I will not feel complete until [Hissène] Habré is in jail. I can’t have psychological peace. We are doing this to prevent it happening again, for future generations.
The dilemma of Habré was for some time not that of African trial vs. European trial, but of trial elsewhere vs. no trial at all.
Here is the essential illogic of war criminals. “If you kill one person, you go to jail,” observes Reed Brody, a lawyer for Human Rights Watch. “You kill 40 people, they put you in an insane asylum. You kill 40,000 people, you get a comfortable exile with your bank account in another country.”

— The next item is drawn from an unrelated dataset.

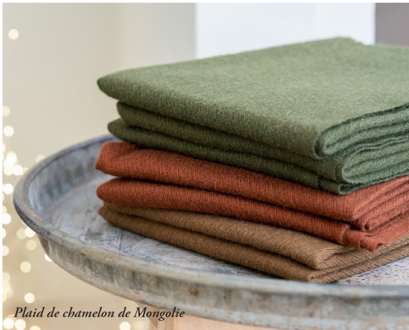
Plaid de chameau de Mongolie
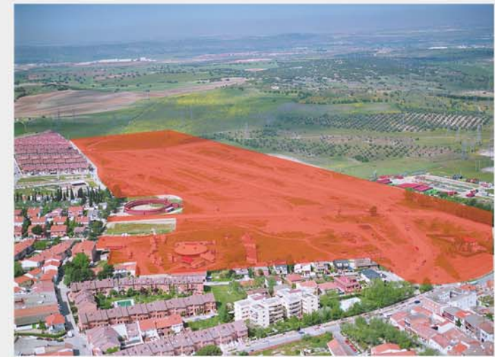
LOECHES/SAU2-15.3B-2005 2005-11-08 / 1

As he speaks, Brody’s driving through N’Djamena, Chad, at work on an indictment against Hissène Habré, dictator of Chad from 1982-1990. The titular figure in Klaartje Quirijns’ fascinating The Dictator Hunter, Brody remains committed to the case, despite serial setbacks (at the time of the shoot, in 2006, he’d been on it for some seven years; currently, Habré’s trial has yet to begin). The documentary, premiering Sunday as the start of Global Voices‘ new season on the PBS WORLD digital channel, does its best to keep up with Brody. As he works to bring Habré to trial, the camera trots behind him or listens in on phone conversations that provide some backstory. Chief among these is Brody’s decision not to take a job with UN High Commissioner for Human Rights Louise Arbour (a job he notes would secure his child’s education, among other things), in order to ensure that the Habré case goes forward: “I really would have liked to work with you,” he sighs, before moving on to the next challenge posed by Habré’s lawyers, one of whom appears here, clownishly calling his client a “calm man” and suggesting that legal actions might be better taken against Gaddafi.
The suggestion is partly comic, partly ironic, and underscores the fundamental problem facing Brody and Human Rights Watch, namely, that this specific case is only the tip of an vast and ugly iceberg. First, the former warlord Habré has a fairly typical relationship with the U.S. (in 1981, Ronald Reagan used him to beat back Muammar el-Gaddafi, then helped to finance his secret police, the DDS, which tortured and killed opponents). And second, current legal and governmental bodies worry that opening this particular doorway — to prosecution of national leaders (deposed or sitting) for such crimes as torture, unjustifiable incarcerations, and genocide — will put others at risk of same. And so, despite the evidence and witnesses against Habré, the case is slow going.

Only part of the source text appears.